1. Technical Field
The present invention relates to a functional device and a manufacturing method thereof, and particularly, to a functional device in which a functional structure of an MEMS (microelectromechanical system) or the like is disposed in a cavity configured in a substrate, and a manufacturing method thereof.
2. Related Art
In general, an MEMS (microelectromechanical system) acting as a functional device is manufactured as various electronic parts utilizing a micropatterning technology used in a semiconductor manufacturing process or the like.

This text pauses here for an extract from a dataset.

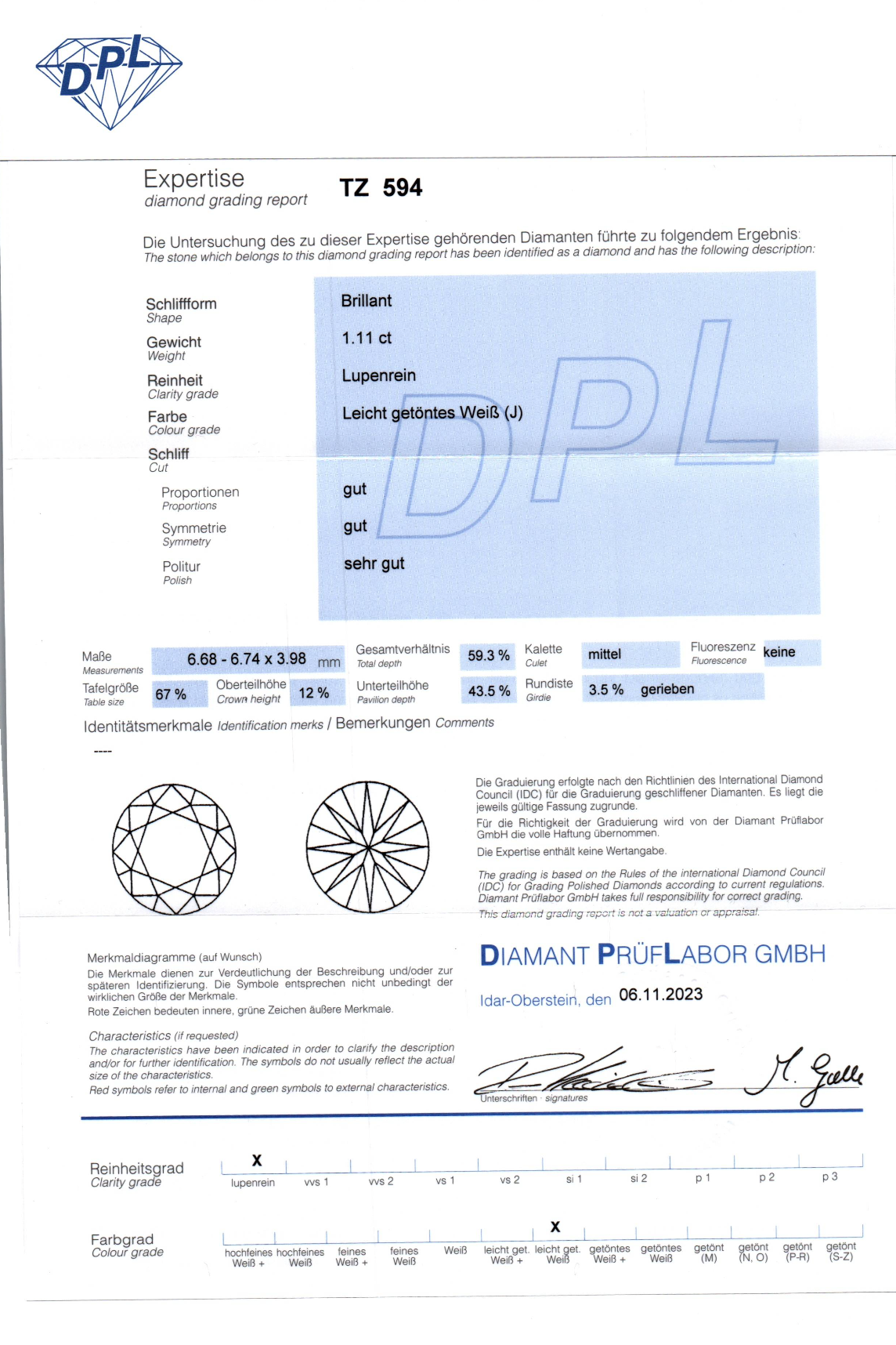 Material: Platin (950/000), getestet; Diamant im Brillantschliff, 1,11ct, lupenrein, leicht getöntes Weiß (J), keine Fluoreszenz, DPL-Zertifikat vom 06.11.2023.

In many cases, at least one portion of MEMS structures is contained and disposed inside a cavity configured in a substrate, and the cavity is hermetically sealed from above by a cover when necessary, and put into a condition in which it is depressurized and sealed, or a condition in which a specialty gas is sealed in it.

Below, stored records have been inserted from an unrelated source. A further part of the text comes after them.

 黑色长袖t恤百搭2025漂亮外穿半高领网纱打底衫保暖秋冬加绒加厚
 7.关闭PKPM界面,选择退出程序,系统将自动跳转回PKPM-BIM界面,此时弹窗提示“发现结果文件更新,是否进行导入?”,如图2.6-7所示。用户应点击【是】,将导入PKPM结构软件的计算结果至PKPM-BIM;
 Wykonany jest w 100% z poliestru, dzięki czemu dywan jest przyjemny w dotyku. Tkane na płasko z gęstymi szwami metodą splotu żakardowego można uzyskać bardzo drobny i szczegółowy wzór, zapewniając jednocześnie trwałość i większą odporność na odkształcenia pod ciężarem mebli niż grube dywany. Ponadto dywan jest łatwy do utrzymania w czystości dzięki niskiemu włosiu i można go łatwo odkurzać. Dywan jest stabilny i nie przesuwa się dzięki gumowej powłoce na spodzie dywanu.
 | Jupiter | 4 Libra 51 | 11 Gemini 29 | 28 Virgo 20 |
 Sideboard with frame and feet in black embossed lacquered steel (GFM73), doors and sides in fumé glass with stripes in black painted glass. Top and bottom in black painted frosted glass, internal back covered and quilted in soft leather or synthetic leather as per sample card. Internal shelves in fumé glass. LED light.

For example, in JP-A-2004-314292, a sealing structure is described which is configured by a method of, after forming an MEMS structure together with a sacrifice layer, and forming an insulating layer on the MEMS structure, forming a first sealing layer, which includes a vent, on the insulating layer, etching away the insulating layer and the sacrifice layer through the vent, forming a cavity and, after introducing a gas into the cavity, by forming a second sealing layer on the first sealing layer, closing the vent.
Also, in JP-A-2006-263902, a method similar to the heretofore described one is described whereby, in a structure in which a semiconductor integrated circuit device (CMOS) and an MEMS structure are monolithically configured, a cavity is formed at the same time, using a MOSFET wiring formation technology.
However, in the structure in which the cavity is hermetically sealed with the MEMS structure disposed therein in the way heretofore described, for example, in a case in which a first cover layer including apertures is formed, and a cavity is formed by an etching through the apertures, when the cavity is washed with water after the etching, and subsequently dried, the first cover layer may become depressed inward along with a lowering of a water level in the cavity. Also, in a case in which a second cover layer is subsequently laminated onto the first cover layer, and the cavity is depressurized and sealed, a cover may be depressed inward by an external pressure due to a pressure difference between inside and outside. This kind of depression of the cover, in some cases, causing a poor operation due to the cover making contact with the MEMS structure, or the like, may result in a reduction in an electronic device manufacturing yield, or a reduction in a product quality.
Furthermore, as an aspect of the cover covering the cavity also varies depending on a difference in thermal expansion caused by a layer structure of the cover, a change in manufacturing conditions, or the like, a deformation, such as the inward depression or an outward protrusion, may be caused not only at the heretofore described drying time, and depressurization and sealing time, but by another factor such as an internal stress of a laminate structure, and this may affect the product quality, such as by causing a variation in device characteristics.